Polynomial Lattices for the BIKE Cryptosystem
Michael Schaller
TL;DR
The paper reframes BIKE's key-recovery weakness as a rank-$2$ lattice problem over a polynomial ring derived from the public key, treating the secret key as a sparse lattice vector. It builds a concrete lattice $L$ with basis $(x^r-1,0)$ and $(h,1)$ and applies Lenstra-style polynomial-lattice reduction to obtain a reduced basis, enabling a generalized weak-key search that combines lattice reduction with brute-force bounded by a degree parameter. By connecting Thue's lemma, Mahler's analogue of Minkowski, and rational reconstruction within a unified polynomial-lattice framework, the work shows how to recover more weak keys than prior approaches (e.g., BardetDLO16) and provides insights into short-vector hardness under a weight-based norm.
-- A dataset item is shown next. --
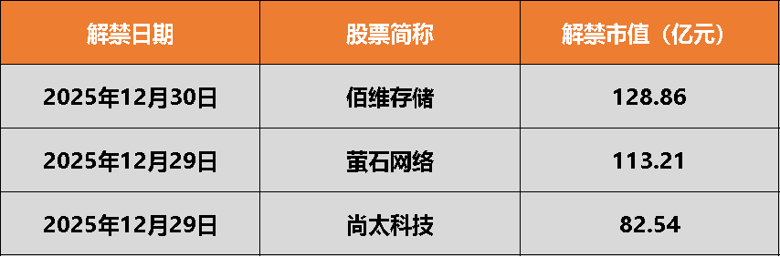 具体来看,佰维存储在12月30日将解禁近1.14亿股,萤石网络在12月29日将解禁3.78亿股,尚太科技在12月29日将解禁9532.70万股,均为首发原股东限售股份。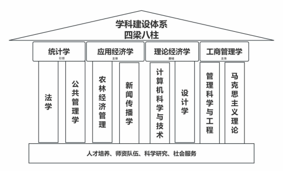 高位谋划明思路。确立学科专业建设整体思路,着力构建学校学科建设的“四梁八柱”。在充分发挥统计学引领作用,应用经济学和工商管理学主体作用和理论经济学基础作用的同时,积极促进多学科专业协调发展。

The results suggest directions for extending the method to higher-rank lattices and for potential applications to HQC, highlighting open questions about deeper lattice-theoretic approaches to quasi-cyclic cryptosystems and their weak-key landscapes.
Abstract
In this paper we introduce a rank $2$ lattice over a polynomial ring arising from the public key of the BIKE cryptosystem. The secret key is a sparse vector in this lattice. We study properties of this lattice and generalize the recovery of weak keys from "Weak keys for the quasi-cyclic MDPC public key encryption scheme". In particular, we show that they implicitly solved a shortest vector problem in the lattice we constructed. Rather than finding only a shortest vector, we obtain a reduced basis of the lattice which makes it possible to check for more weak keys.